Each iteration of the outer loop is responsible for one column of circles. The first column needs to have `1` circle, and they must increase by `1` in number in each column that follows. This must occur while the value of `x` is increasing. We need to make sure to attach the steps to the bottom, instead of to the top of the canvas. If you subtract `x` from `19` and assign the result to `y`, and specify that `y` must be less than or equal to `19`, what would happen with the inner loop as `x` increases by `1` during each iteration of the outer loop?

Hello @yoyo,

Hint:

``````function setup()
{
createCanvas(400, 400);
textSize(16);

for(let num = 0; num<=9; num++)
{
fill(0);
text(num, num*30, 30);    // Left to right
text(9-num, num*30, 60)
text(num, (9-num)*30, 90) // Reverse - Right to left
}
}
``````

Tutorial:
4.2: Nested Loops - p5.js Tutorial

`:)`

1 Like

There’s different ways to do it… In my solution, one for loop goes up and the other goes down…
like: `x+=d `y-=d`

But I also find nested loops confuse. When I’m lost with them, I usually reduce the number of iterations to a really small one, like 3 or 5 and use text to log the values so its clearer what is happening.
cheers

For thinking about nested loops, it might help to label the circles by column and row.

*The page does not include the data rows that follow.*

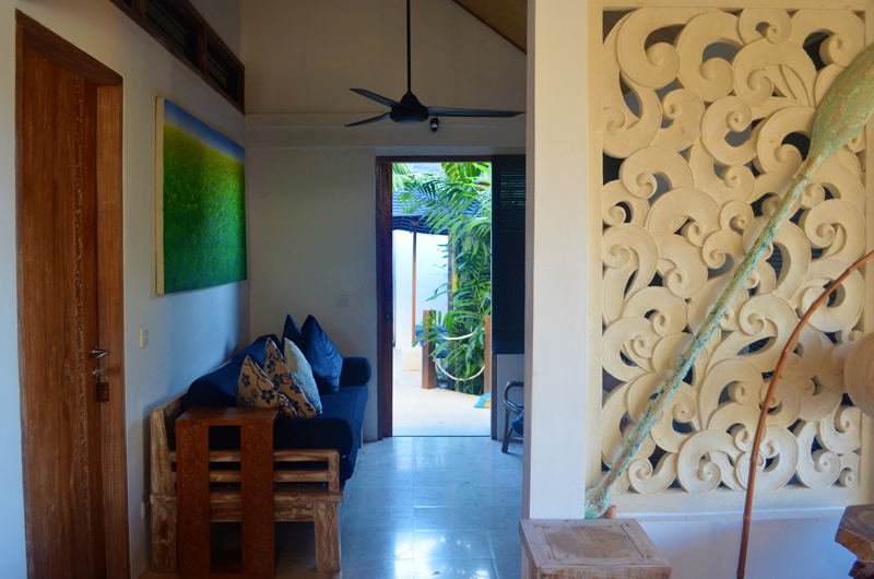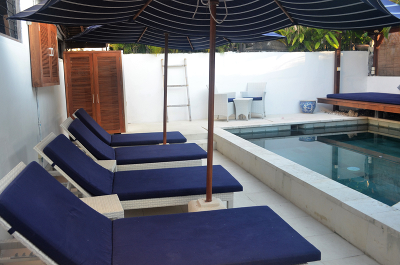 The villa’s turquoise pool is hugged by a white sundeck dotted with blue sun beds and matching parasols. You can also work on your tan on the open-air balcony, which includes a day bed. There’s also a covered bale gazebo by the pool with plush cushions ideal for an after-swim nap.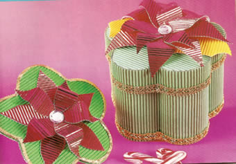 2.- Para la parte de abajo de la caja, corta una tira de 12 x 55 cm, de modo que las rayas del cartón queden en forma horizontal para que puedan dar las vueltas que se necesitan, pega la tira sobre la orilla de una de las bases.
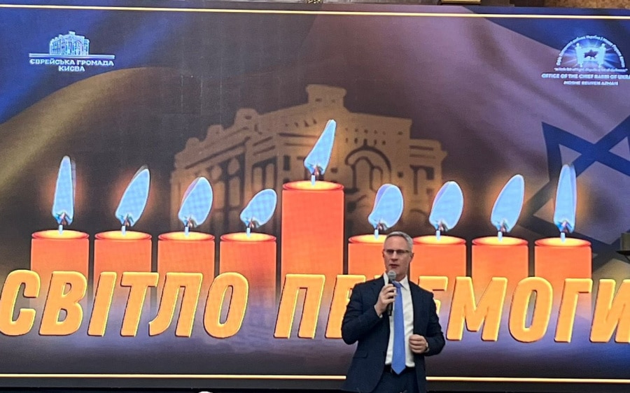 Посол Израиля в Украине Михаэль Бродский принял участие в церемонии, посвященной первому дню Хануки 5784 (2023).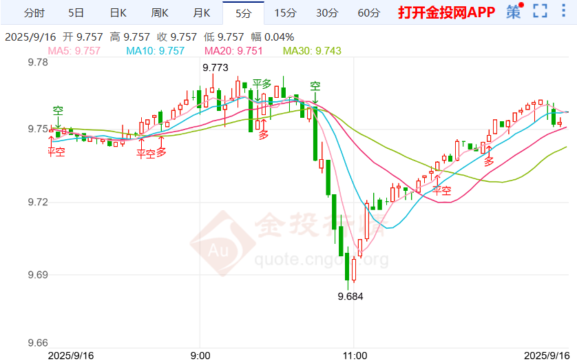 今日周二(9月16日)亚盘时段,纸白银目前交投于9.748一线上方,今日开盘于9.741元/克,截至发稿,纸白银暂报9.756元/克,上涨0.08%,最高触及9.774元/克,最低下探9.683元/克,目前来看,纸白银盘内短线偏向震荡走势。
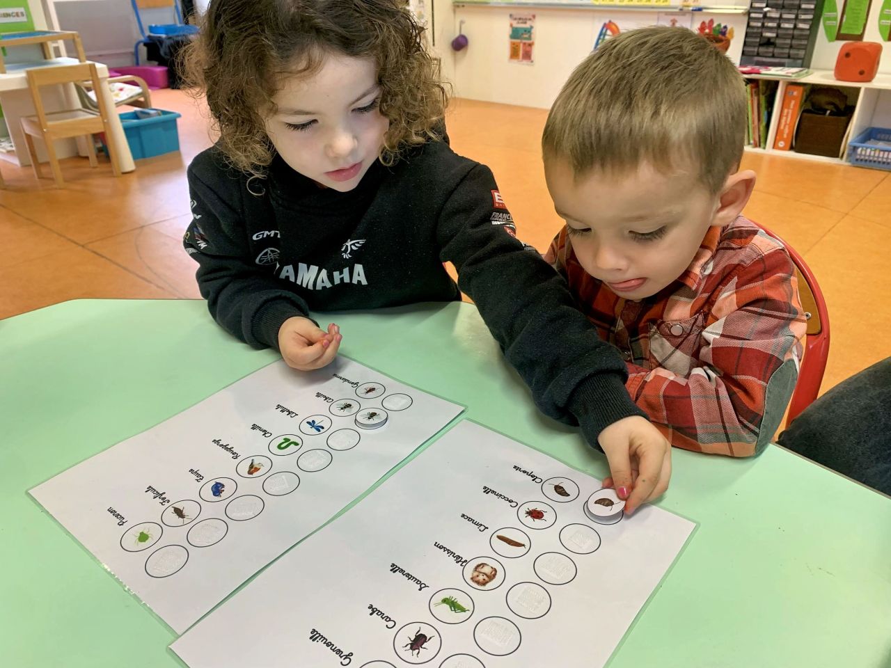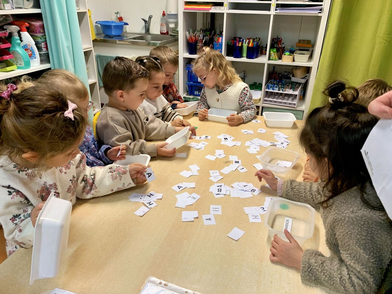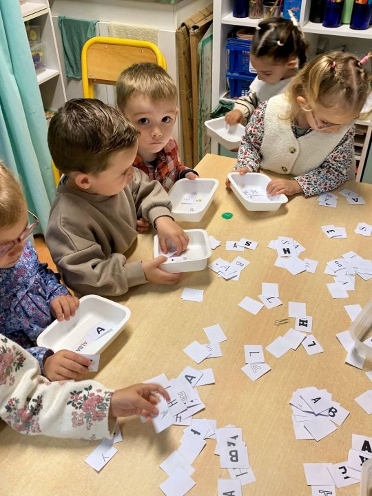 Les élèves de petite section ont déployé beaucoup d’énergie aujourd’hui pour retrouver toutes les initiales de leur prénom, après avoir travaillé sur la reconnaissance du prénom de chaque enfant!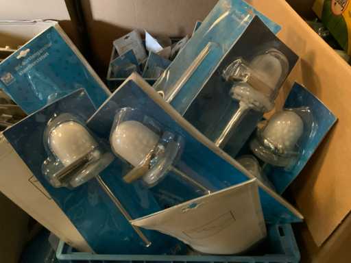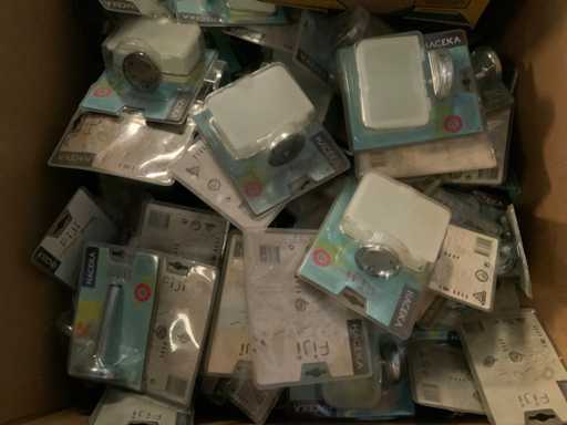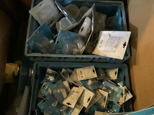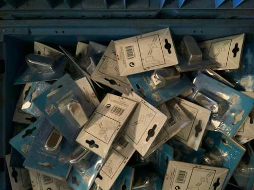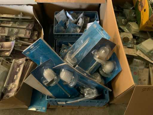 - Palletdoos gevuld met wandhaken, glashouders, toiletborstel met houder en zeephouders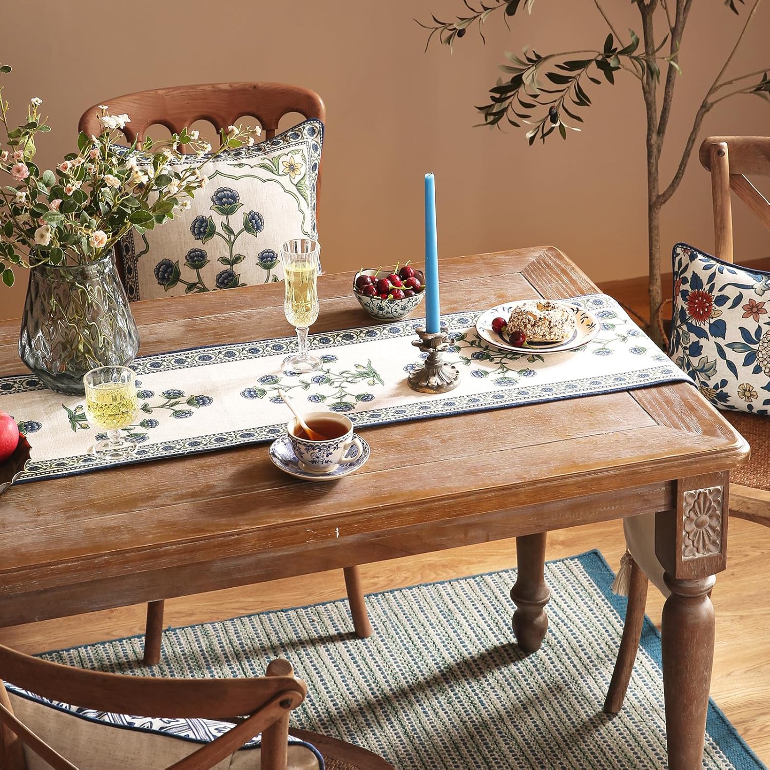 - Material: To ensure long-lasting color and minimal shrinkage, we have ditched the traditional all-linen process and instead used a new blend of 8% linen and 92% polyester. This innovative combination will provide you with a superior experience, making your table runner last longer and retaining its vibrant color.
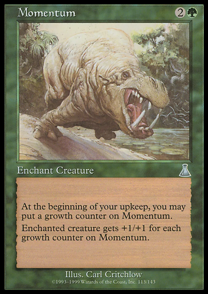 | Oracle Text | Enchant creature At the beginning of your upkeep, you may put a growth counter on Momentum. Enchanted creature gets +1/+1 for each growth counter on Momentum. | ||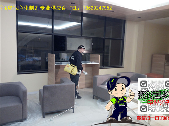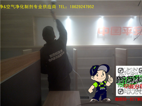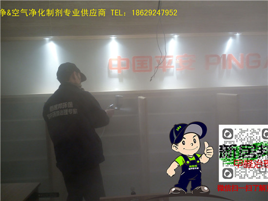 中國(guó)平安延安分公司三層辦公大樓共計(jì)1500余平方,經(jīng)過(guò)重裝升級(jí),室內(nèi)裝修異味比較明顯,新居邦除甲醛公司承接了本次室內(nèi)空氣凈化除甲醛工程,以下是施工現(xiàn)場(chǎng)照片: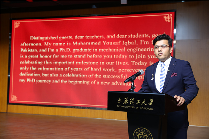 机械与运载工程学院博士研究生IQBAL MUHAMMAD YOUSAF(中文姓名:富裕,国籍:巴基斯坦)作为毕业生代表发言。他声情并茂地回顾了在太阳成城集团攻读硕士、博士的七年时光,在导师的教导下与同学并肩学习、攻坚克难,最终取得学术成果的深刻记忆,并鼓励学弟学妹们以积极心态迎接语言文化挑战,以严谨态度潜心文献实验研究。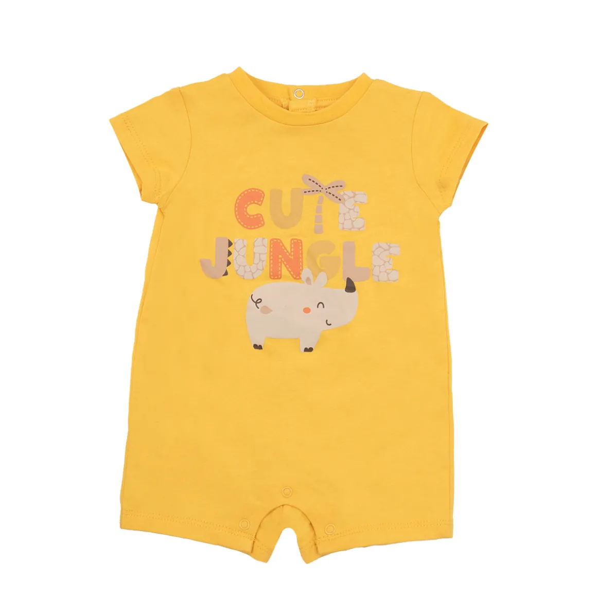 Tenera tutina jersey da bambino. Il capo si presenta in tinta unita giallo con stampa simpatica animali della giungla. La vestibilità è morbida e pratica grazie ad apertura sulla schiema e sul cavallo con bottoni a clip. Accessori non in vendita. La confezione contiene solo il capo d’abbigliamento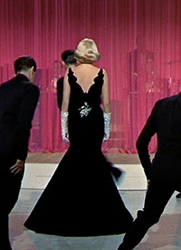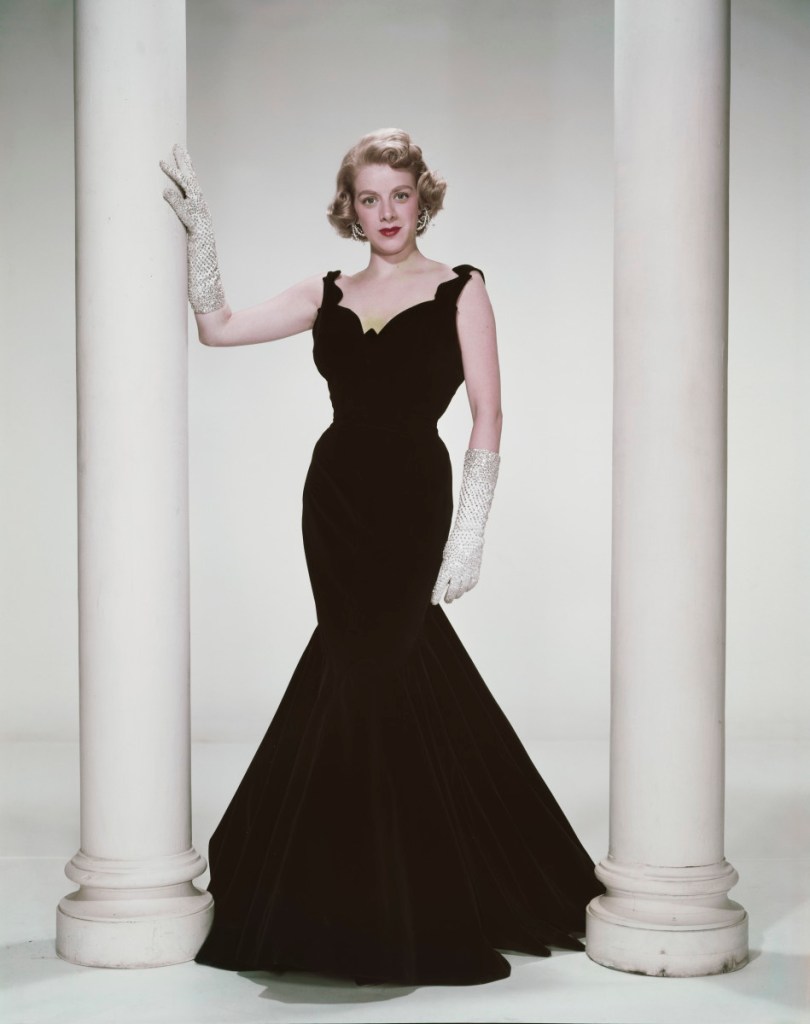 Rosemary Clooney in White Christmas: To be honest, I love most of Clooney’s clothes in this movie. But the dress she wears in the Carousel Club scene is amazing! This is truly a revenge dress. It’s suited so well to her hourglass shape, has a uniquely scalloped neckline, and a glorious rhinestone brooch on her backside.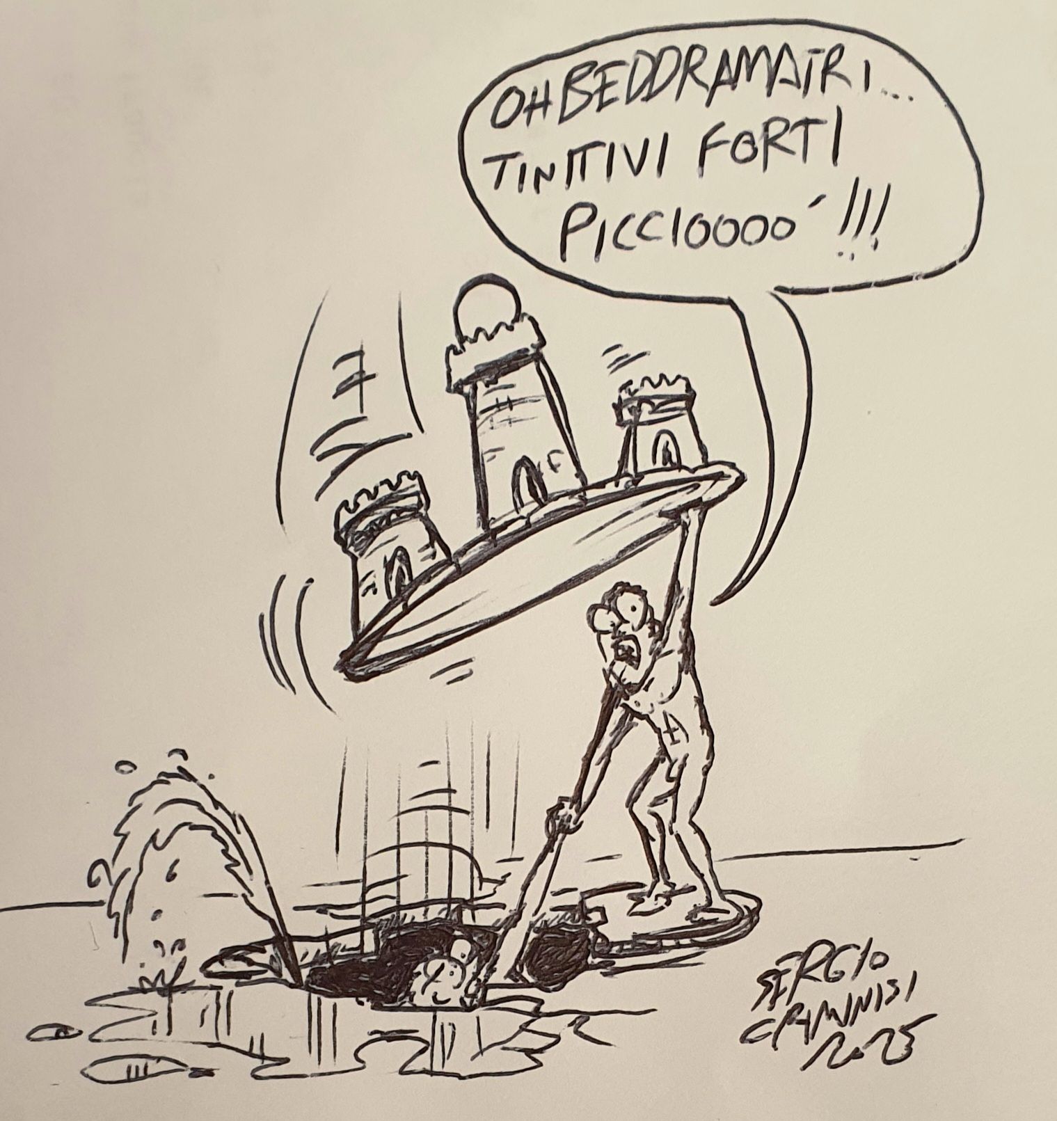 La vignetta – pungente e precisa – fotografa meglio di mille reportage la condizione della “Capitale della Cultura 2025”, che si presenta al mondo con eventi e spettacoli ma non riesce a garantire nemmeno il diritto all’acqua. Una città in cui le priorità si rovesciano, come la stessa piattaforma su cui poggia il suo fragile orgoglio.

EDIT (September 29, 2022):

Within each pair of numbers in all of the circles in the sketch, the first number represents the value of the control variable of the outer loop and the second represents the value of the control variable of the inner loop. These are the column and row numbers.

Take a look at the pairs of numbers in the circles in the diagonal. Is there a consistency regarding the sum of the two numbers in the pairs?

Also note the sums of the pairs of numbers below the diagonal. For each one, how does it relate to the sum of the two numbers in the circle in the diagonal above?

Do these observations suggest anything regarding what would be a good header for the inner loop? There are several possibilities that would work.

2 Likes

omg!! I finally get it

3 Likes

thank you guys

4 Likes

Good work, @yoyo!

Also, thanks go to @Chrisir, @vkbr, @glv, and @philipplehmann.

Since you’ve succeeded with a solution, we can now reveal some additional code of our own that applies to the project.

As mentioned earlier, there are multiple ways to achieve this task. For example …

Now, shifting our focus to the diagram here, which displays the column and row coordinate pairs, we can note that on the diagonal, the column and row numbers of each circle add up to 19. Below the diagonal, where the canvas is filled with circles, the two numbers in the coordinate pairs add up to a number greater than 19. In the entire space above the diagonal, where there are no circles, the numbers in the coordinate pairs would add up to a sum less than 19. From those observations, we can derive something like this regarding the nested loops:

``````  // column numbers from left to right
for (let col = 0; col <= 19; col++) {
// row numbers from the bottom up to and including the diagonal
// for (let row = 19; row >= 19 - col; row--) {
for (let row = 19; row + col >= 19; row--) {
circle((col + 0.5) * 20, (row + 0.5) * 20, 20);
}
}
``````

The code above could be refactored slightly to be equivalent to solutions that others have proposed.